Problem >>
The lines below from the one with "如果你喜歡夏季感更強一點的路" up to and including the one with "飞行或瞄准您并攻击的机器人。" are what you should set down, exactly and without pictures.

Supplied material >>

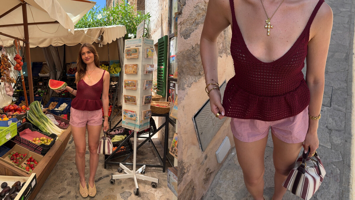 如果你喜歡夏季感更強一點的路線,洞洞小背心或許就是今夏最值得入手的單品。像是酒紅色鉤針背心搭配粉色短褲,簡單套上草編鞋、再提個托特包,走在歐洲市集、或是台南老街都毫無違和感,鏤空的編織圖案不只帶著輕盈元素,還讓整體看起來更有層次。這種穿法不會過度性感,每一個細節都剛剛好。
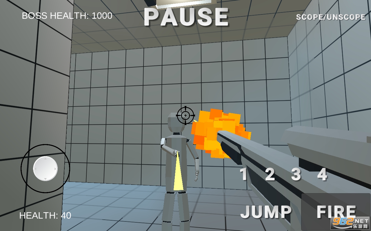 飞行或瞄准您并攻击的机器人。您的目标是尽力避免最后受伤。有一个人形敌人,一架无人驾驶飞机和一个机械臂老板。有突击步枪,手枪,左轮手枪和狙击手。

--

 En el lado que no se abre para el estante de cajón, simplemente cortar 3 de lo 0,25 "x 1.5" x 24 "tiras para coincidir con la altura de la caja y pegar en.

Answer box >>
 如果你喜歡夏季感更強一點的路線,洞洞小背心或許就是今夏最值得入手的單品。像是酒紅色鉤針背心搭配粉色短褲,簡單套上草編鞋、再提個托特包,走在歐洲市集、或是台南老街都毫無違和感,鏤空的編織圖案不只帶著輕盈元素,還讓整體看起來更有層次。這種穿法不會過度性感,每一個細節都剛剛好。
 飞行或瞄准您并攻击的机器人。您的目标是尽力避免最后受伤。有一个人形敌人,一架无人驾驶飞机和一个机械臂老板。有突击步枪,手枪,左轮手枪和狙击手。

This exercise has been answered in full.